GAIDA Festival: Klaipeda Chamber Orchestra

The festival has been going a mile a minute over the weekend, with two concerts every night. Due to a combination of sleep deprivation and choice of repertoire I have avoided writing a blog till today. The repertoire choices have been stunning, but it has mostly consisted of French, Italian, and American music. Ultimately I don't want this blog to sound like 'Lithuania is great, they play Italian music'.

But to fly through those concerts, firstly was Ensemble 2E2M with a concert of Francesco Filidei, Michael Levinas, and Philippe Hurel. The pieces were very strong throughout, getting the chance to hear Levinas's music live is a wonderful experience, the powerful gestures combined with some wackier techniques makes for a wonderful performance. Philippe Hurel's Pour Luigi is a fun piece, but loses the drive quite quickly. Which is a shame because when he is good its wonderful, his work Flashback is just a wonder to behold. Francesco Filidei once again was the star of the concert, I was particularly touched by his Finito Ogni Gesto the combination of musical colour and  descent was simple but powerfully refined.

From there came Repertorio Zero from Italy, their concert was just powerful, and the 15 year old inside me was jumping for joy throughout. What made their concert quite so affecting was the process in how they performed it. They almost completely did a way with the 'classical' model, and just played a set, which was juxtaposed with electronic interludes while the musicians prepared for the next piece. Fausto Romitelli's Professor Bad Trip, is just a remarkable experience. The shifts into distortion which then subside into wonderful clarity was just astounding. The other highlight in the concert was Riccardo Nova's Yage Howl which the composer dedicated to Fausto Romitelli. The complex tunings and colours was just mystifying.
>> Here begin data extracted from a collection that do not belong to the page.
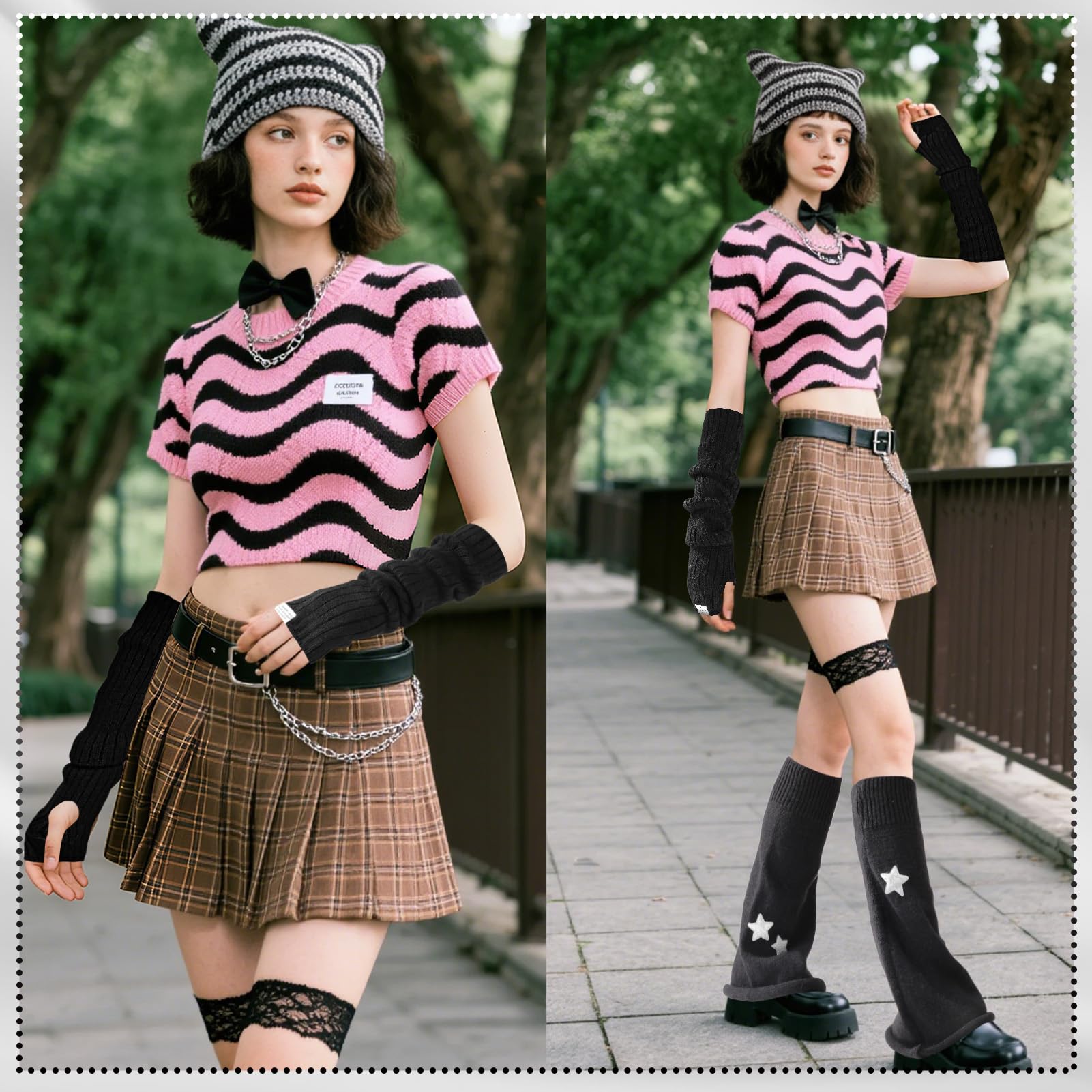 Perfect Gift-Ready Set: Goth stretchy accessories set Includes both retro arm and leg warmers and emo beanie in one stylish bundle. An ideal gift for birthdays or holidays—delight any fashion-forward woman or teen girl
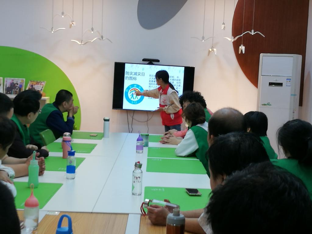 约40分钟的车程,志愿者们抵达了目的地。志愿者调试好设备,完成了准备工作后便开始教学。经询问,许多残疾人朋友知道十年前的5月12日爆发了汶川大地震。志愿者说:“在自然灾害突降时人类显得特别脆弱,这也警醒我们需提高对突发事件的应变能力。汶川大地震的灾情牵动人心,自2009年起,每年5月12日被定为全国的防灾减灾日。”然后,志愿者为残疾人朋友介绍了防灾减灾日的图标构成元素和寓意,重点为残疾人朋友们讲解了地震、洪涝、台风、干旱等自然灾害的特点和应对举措,残疾人朋友们专心专心致志地听讲,积极与志愿者互动。
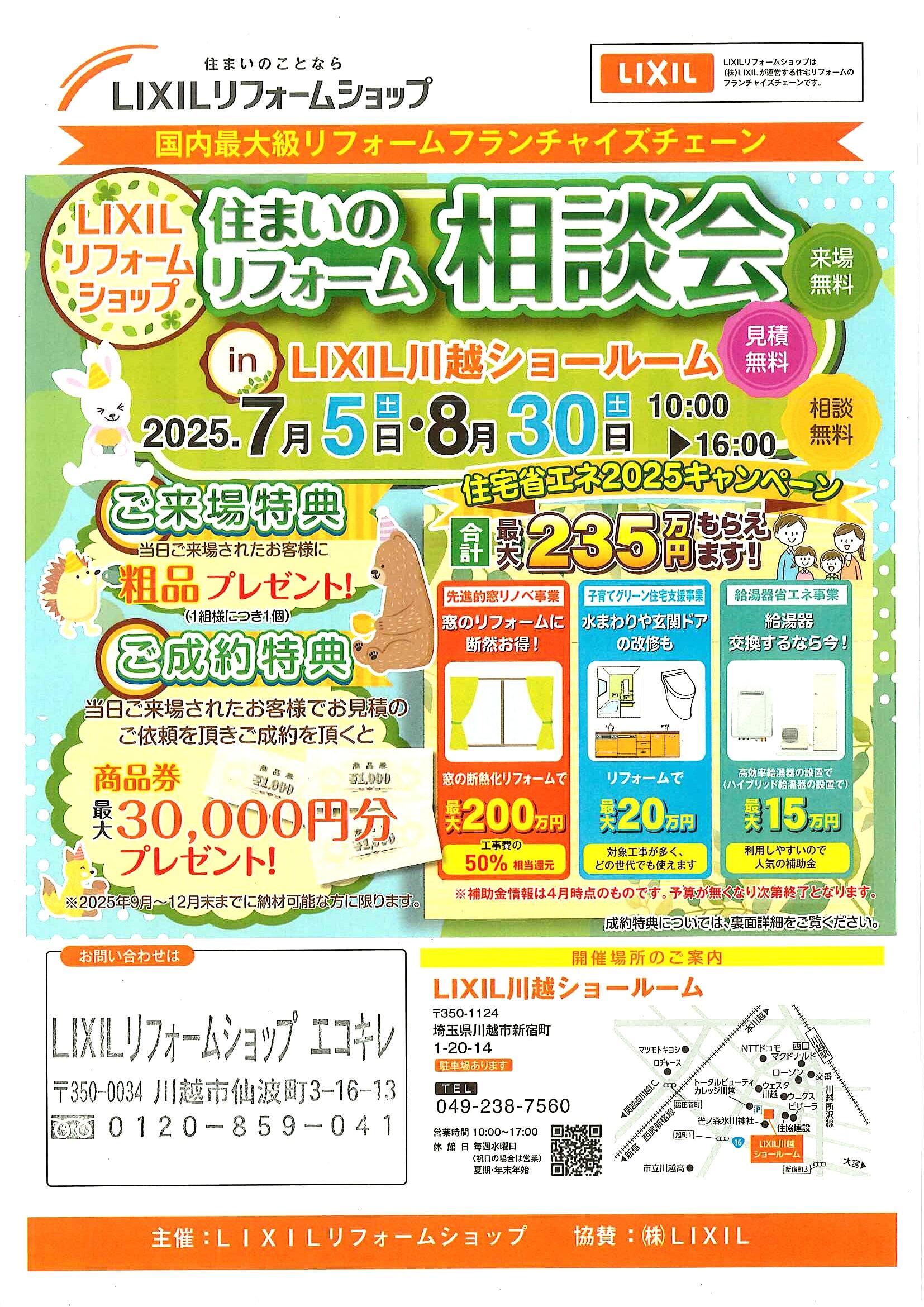 LIXIL川越ショールームにて「住まいのリフォーム相談会」を開催いたします。
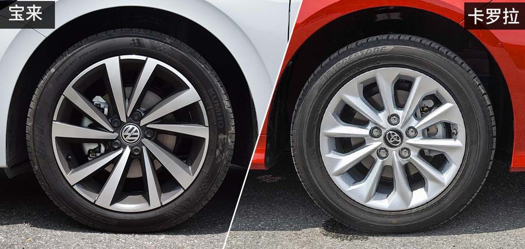 轮胎方面,两车低配车型均采用15英寸铝合金轮毂,中高配车型上,宝来为16英寸,而卡罗拉则有16和17两种尺寸,选择更多。在中高配车型中,宝来轮毂的造型富有运动感,卡罗拉则相对比较普通,一副普通家用车的作风。
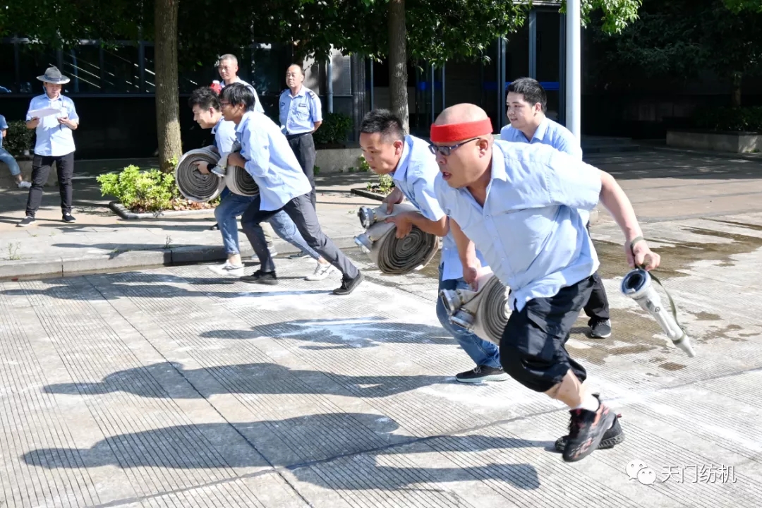為鞏固“安全生產月”活動效果,檢驗消防應急處置能力,7月24日,天門紡機經過認真籌備,舉辦了年度消防技能競賽活動,活動分為滅火器接力撲救火災和消防水帶協作兩個項目,來自公司各部室、車間的8支隊伍參加了競賽。

The next major highlight for me was last night's performance by the Klaipeda Chamber Orchestra. The concert consisted of four works for the orchestra, Kaija Saariaho's Nymphea reflection, David Lang's Pierced for cello, piano, percussion, and strings, Ricardas Kabelis Bloe LT, and Egidija Medeksaite's Akasha. The two works by Lithuanian composers were world premieres.
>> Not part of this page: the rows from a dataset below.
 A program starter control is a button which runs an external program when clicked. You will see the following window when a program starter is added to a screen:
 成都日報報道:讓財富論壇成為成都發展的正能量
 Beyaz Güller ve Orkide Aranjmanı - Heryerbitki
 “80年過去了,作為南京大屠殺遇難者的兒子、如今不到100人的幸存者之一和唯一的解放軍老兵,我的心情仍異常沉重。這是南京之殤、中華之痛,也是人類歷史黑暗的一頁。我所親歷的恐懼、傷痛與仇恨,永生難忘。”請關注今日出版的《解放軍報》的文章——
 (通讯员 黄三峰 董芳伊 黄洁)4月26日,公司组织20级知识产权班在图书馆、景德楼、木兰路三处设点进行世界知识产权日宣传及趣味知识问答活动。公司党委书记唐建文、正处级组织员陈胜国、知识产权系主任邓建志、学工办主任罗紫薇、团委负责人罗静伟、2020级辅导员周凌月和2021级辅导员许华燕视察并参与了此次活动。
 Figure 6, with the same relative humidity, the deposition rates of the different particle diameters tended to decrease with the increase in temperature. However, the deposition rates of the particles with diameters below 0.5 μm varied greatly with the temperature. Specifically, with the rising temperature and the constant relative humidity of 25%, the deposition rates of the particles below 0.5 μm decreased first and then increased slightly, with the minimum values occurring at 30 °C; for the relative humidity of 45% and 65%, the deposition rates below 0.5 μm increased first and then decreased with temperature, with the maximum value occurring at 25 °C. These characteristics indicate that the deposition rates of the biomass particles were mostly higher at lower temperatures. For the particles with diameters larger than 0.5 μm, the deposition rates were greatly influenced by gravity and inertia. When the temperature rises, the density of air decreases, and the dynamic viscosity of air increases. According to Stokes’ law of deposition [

The concert started with Egidija Medeksaite's Akasha. The work is inspired by Swami Vivekananda's books Raja-Yoga and Patanjali's Yoga Aphorisms. In short, Akasha is one of the two materials that creates the whole universe, it is the essence which brings form, everything then comes from Akasha and returns to Akasha. The work started with faint whispers while the string bowed their tail pieces. Slowly from the whispers pitches began to appear, and from there a richer sound grew which then fluctuated to bigger gestures. Structurally the piece worked, and the extended techniques fitted, but where was the essence that made Egidija Medeksaite sound like Egidija Medeskaite? All the gestures have been used in many other circumstances including Helmut Lachenmann's Tocattina for solo violin, Kaija Saariaho's Nymphea, and to a lesser extent Ligeti's Lontano. Listening to Akasha I couldn't escape the similarities these bigger figures. Beyond that, there was a lot of naivety in the work, gestures felt predictable and harmonies were rich but harmonies that have been heard before. As she continues to develop and mature Egidija Medeksaite has the potential to become a very potent composer. But, particularly when a composer is attempting to delve into new territories, a composer needs to know everything around them. Without that, she runs the risk of constantly sounding like a pale comparison.

The next piece in the concert was David Lang's Pierced. A work for solo cello, solo piano, solo percussion, and strings. The piece was typical David Lang, lots of pulsing rhythms, repetitive rhythms, and energetic. But particularly when the bass drum gesture entered, the piece was far to predictable, and ultimately dull. Which is a real shame, because the standard of the orchestra was remarkable, especially when you consider the fact they weren't conducted at all.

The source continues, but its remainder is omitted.